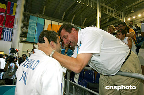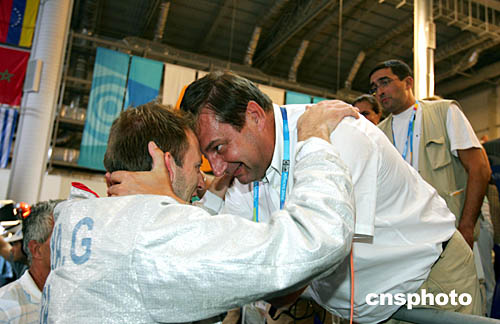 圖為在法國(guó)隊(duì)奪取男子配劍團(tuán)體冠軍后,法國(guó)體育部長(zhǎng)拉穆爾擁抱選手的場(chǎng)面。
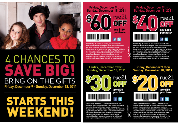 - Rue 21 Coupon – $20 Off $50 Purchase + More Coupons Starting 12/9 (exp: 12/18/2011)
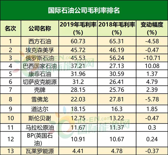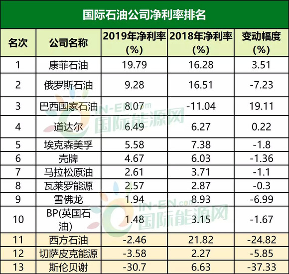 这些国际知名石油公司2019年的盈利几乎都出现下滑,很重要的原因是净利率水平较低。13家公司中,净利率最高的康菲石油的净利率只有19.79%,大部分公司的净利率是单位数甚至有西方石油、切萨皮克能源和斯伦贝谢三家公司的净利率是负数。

§ **Problem details**
Retype the data above verbatim, minus images.

§ **Task result**
 圖為在法國(guó)隊(duì)奪取男子配劍團(tuán)體冠軍后,法國(guó)體育部長(zhǎng)拉穆爾擁抱選手的場(chǎng)面。
 - Rue 21 Coupon – $20 Off $50 Purchase + More Coupons Starting 12/9 (exp: 12/18/2011)
 这些国际知名石油公司2019年的盈利几乎都出现下滑,很重要的原因是净利率水平较低。13家公司中,净利率最高的康菲石油的净利率只有19.79%,大部分公司的净利率是单位数甚至有西方石油、切萨皮克能源和斯伦贝谢三家公司的净利率是负数。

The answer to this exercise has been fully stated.